However, it's best to understand what’s happening ain’t good for anyone, including the cult itself. Hao makes the following very excellent point of understanding how this is all being badly done, but it’s important to point out, the system she describes wasn't created by Tech, but one developed over the previous two centuries with industrial technologies:

"...technology is always a product of human choices. And different humans will have different blind spots. And if you give a small group of those people too much power to develop technologies that will affect billions of people's lives, inevitably that is structurally unsound. We should not be allowing small groups of individuals to concentrate such profound influence on society when you cannot expect any individual to have such great vision into everything that's happening in the world and perfectly understand how to craft a one-size fits-all technology that ends up being profoundly beneficial for everyone. It just doesn't make sense at all."

No sense at all!

Democracy is essential for healthy tech development and democracy isn’t five corporations in the Valley or a handful of individuals who raised money from these same corporations to gather in DC.

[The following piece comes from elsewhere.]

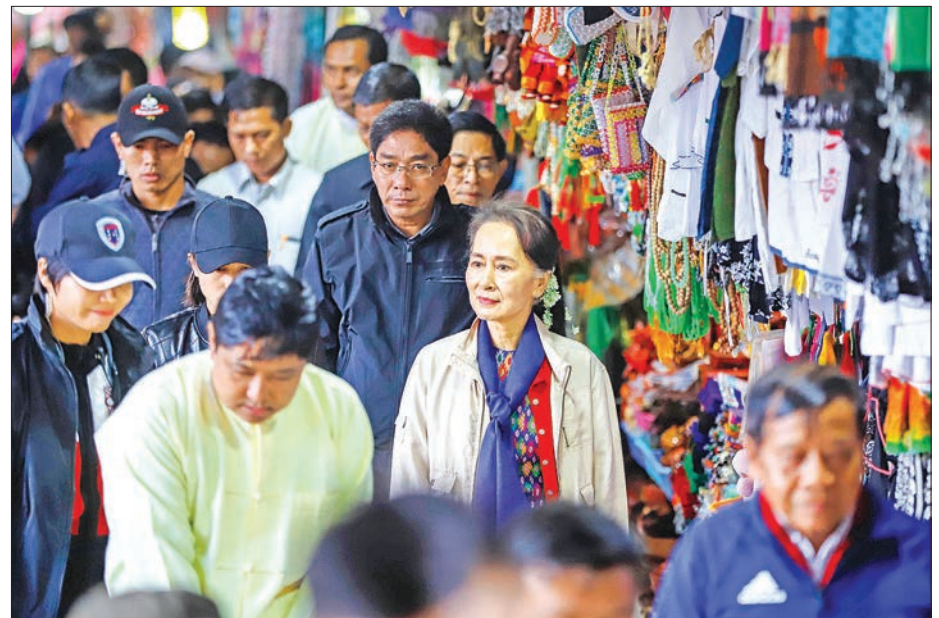
State Counsellor Daw Aung San Suu Kyi visits Popa Taung Kalat to inspect the long-term development and greening works on Mt. Popa yesterday.

A second thought is essential to understanding tech evolution. I first talked about this a decade ago in my short book The Politics of Technology (download free):

"Because when you, if you, continue to pursue a scaling approach and you're the only one with all of the AI experts in the world, you persuade people into believing this is the only path and therefore you continue to monopolize this technology because it locks out anyone else from playing that game. And also, because path dependence, these companies are actually not that nimble, they end up, the way they organize themselves, it's not so easy for them to just immediately swap to a different approach. They end up putting in motion all the resources, all of the training runs, so on and so forth over the course of months, and then they just have to run with it." 

Once a technology is adopted and today it can be relatively rapid, it constrains future technological development. Just as importantly, any person who specializes in a certain technology is just as constrained in understanding alternatives as someone who knows nothing.

Don’t believe the hype, AI is a mess, a destructive one. Yet, we have no politics. The power around AI is centrally organized, while necessary alternatives are scattered, impotent pieces. This could be one of the great ages of human history, at the moment, it’s very hard to bet on that.